Cryptocurrency is digital money that has no physical representation. When people buy or sell cryptocurrency, they make electronic transfers on their online accounts. However, how do people know cryptocurrency is worth anything? What defines its value? When we talk about fiat money, we understand that it is supported by gold and currency reserves. Cryptocurrency has no reserves that back it up, its price largely depends on the demand. As the demand rises, the price does as well, and vice versa.
Another factor that defines its value is the limited number of coins. While central banks take care of fiat money emission, the number of coins of cryptocurrencies is defined. For example, for bitcoin, the maximum number of coins is 21 million. When all 21 million coins are mined, the emission will stop. Therefore, there following features define the price of cryptocurrency:
- The supply and demand relation
- Limited supply
- Investment attractiveness
- Energy use
- Governmental policies
- Media coverage
- Innovation and technological advancements
- Price expectations, etc.
While some factors are economically reasonable, human factor does play an important role in defining the value of each particular cryptocurrency. The innovative blockchain technology that lies at the base of bitcoin and altcoins has proven to be very useful in many areas of business and technology. It is known for its highly secured system of transactions and difficulties in decoding it. This makes it almost bulletproof when it comes to fraud and scam. Many companies spend millions to develop and implement blockchain-based software in their operating activities. This fact makes many investors put their hopes up in regards to the future of cryptocurrency.

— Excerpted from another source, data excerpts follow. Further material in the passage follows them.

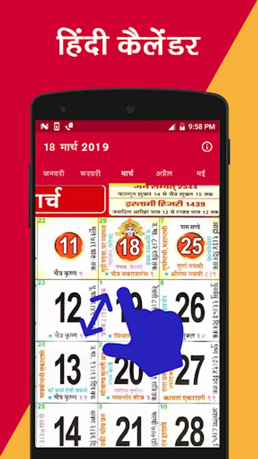 Now you can carry a whole calendar/panchang in your pocket with below additional or unique features:
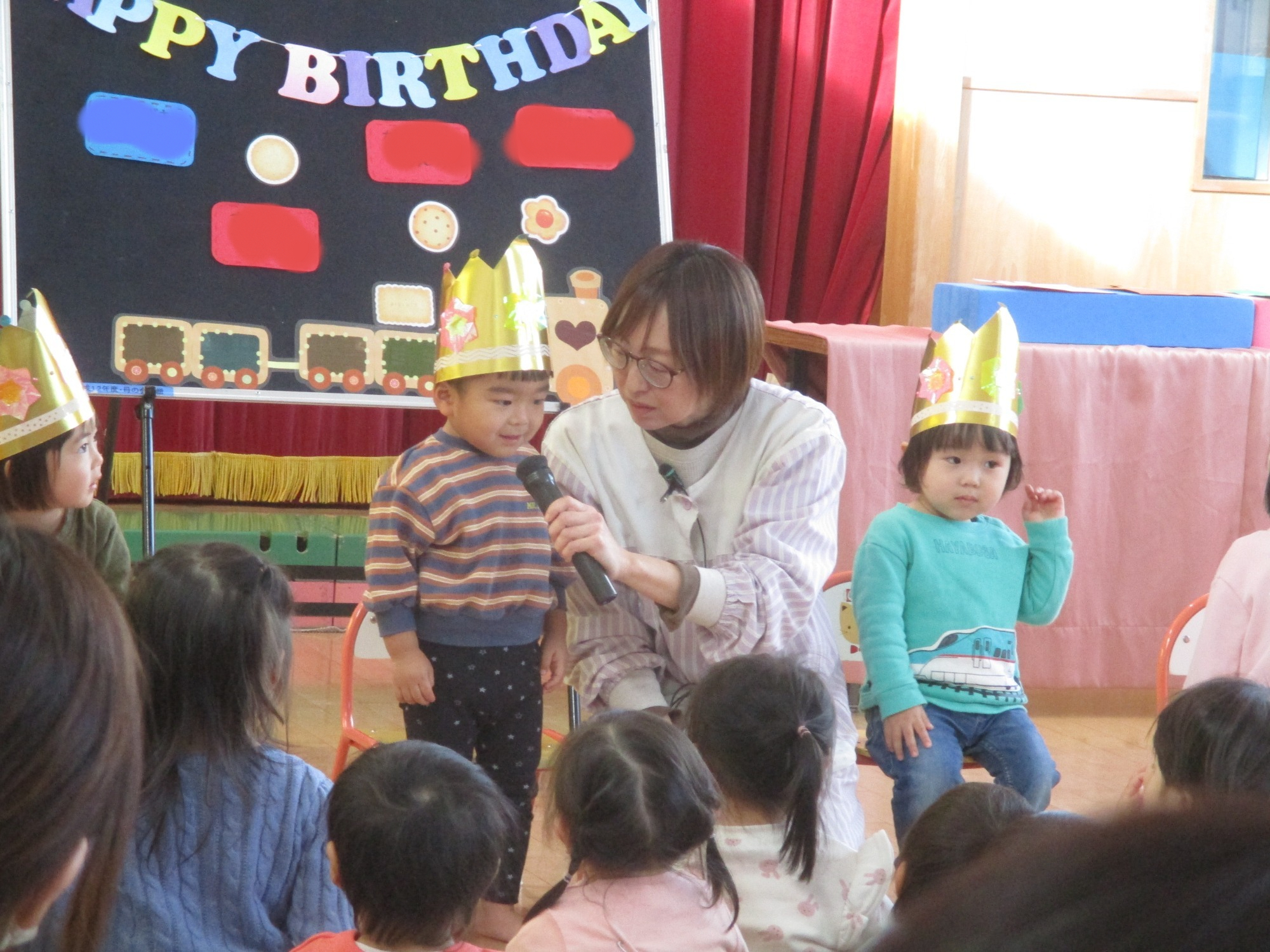 はじめに誕生児のお友だちにインタビュー✨その後は誕生カードや歌のプレゼントして楽しくお祝いしました😊
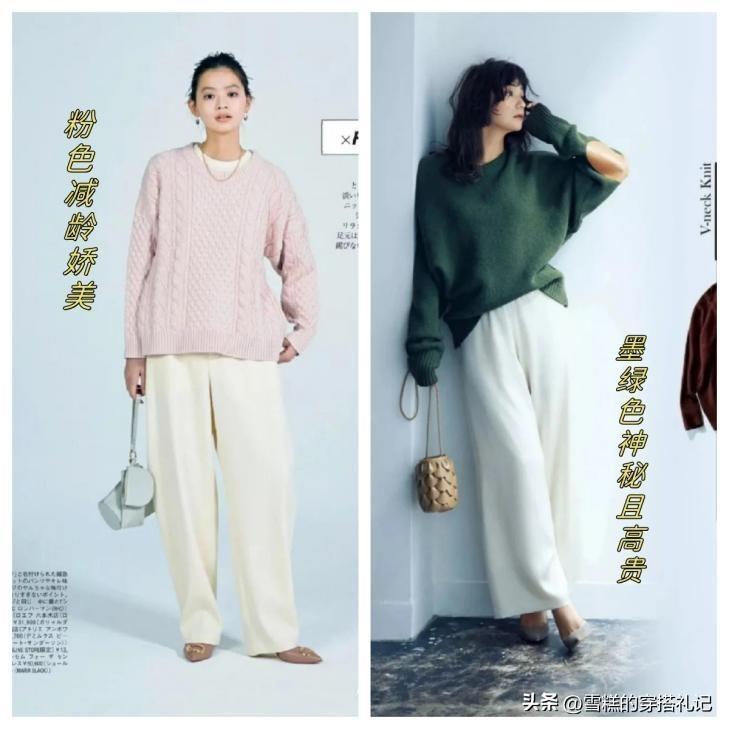 搭配①:彩色毛衣+闊腿褲,演繹慵懶減齡風
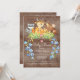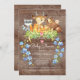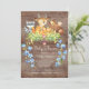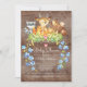 Un baby shower boisé à l'aquarelle mignonne avec un cerf, renard, ours, raton laveur et hibou avec des fleurs feuilles et bleues sur un arrière - plan rustique en bois marron. Parfait pour un baby shower pour garçons
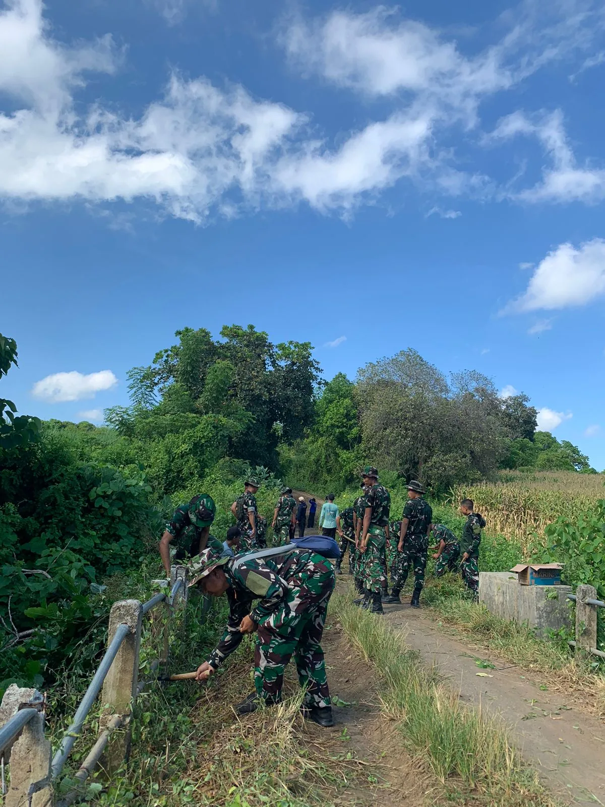 Sejak pagi, prajurit dan warga telah berkumpul membawa perlengkapan kerja seperti sapu, parang, cangkul, dan alat kebersihan lainnya. Semangat gotong royong terlihat jelas ketika seluruh peserta bergerak bersama membersihkan sampah, menata lingkungan, serta memangkas rumput yang mulai liar.
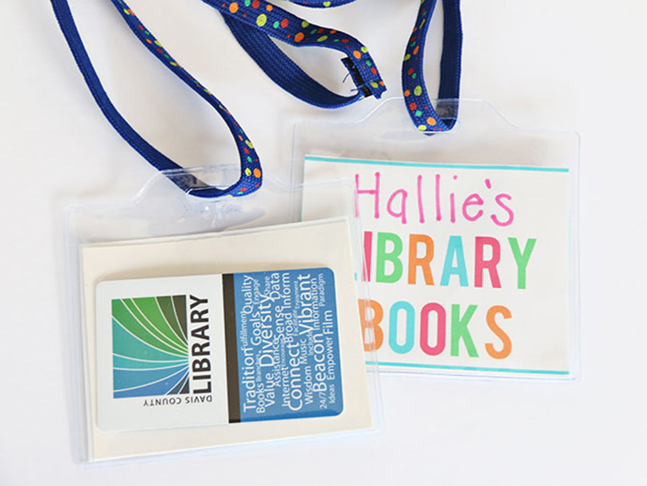 A great trick for Library Card storage, is to slide it in the back of the tag. This helps to keep the library card from getting misplaced. It’s so easy for little hands to slide it in and out…and it stays put!
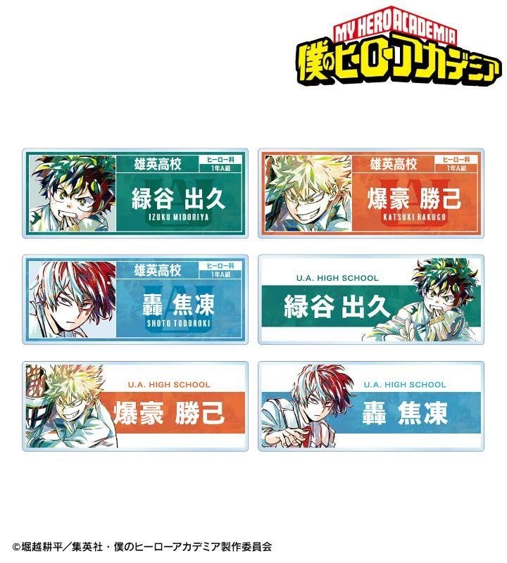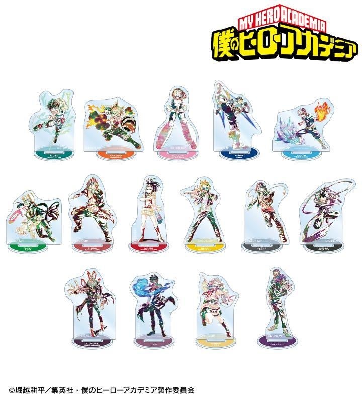緑谷出久、爆豪勝己、麗日お茶子、飯田天哉、轟焦凍、蛙吹梅雨、切島鋭児郎、八百万百、上鳴電気、耳郎響香、相澤消太、死柄木弔、荼毘、トガヒミコ、オーバーホールのビジュアルを新たなタッチで魅力的に表現し、ミニアクリルスタンドに仕上げました。

At the same time, cryptomining is highly energy consuming. This is one of the factors for some countries to lay restrictions on bitcoin mining and trading. Another one is an attempt to control the potential game changer in the financial system. Finally, media coverage of cryptocurrency news defines people’s perception of it as something of extreme value and prestige.
Dangers of Cryptocurrency Investments
The fact that cryptocurrency is not backed by gold or currency reserves makes it highly volatile. The price of the most famous cryptocurrency, bitcoin, is far from stable as well as prices of other cryptocurrencies. Many financial analysts believe cryptocurrencies, bitcoin in particular, to be the next bubble the last one of which led to the global economic crisis. Even though no one can know for sure, heavily investing in cryptocurrencies can result in heavy losses if it turns out to be a bubble after all. Still, it does have a chance to stabilize and make its way to substituting fiat money.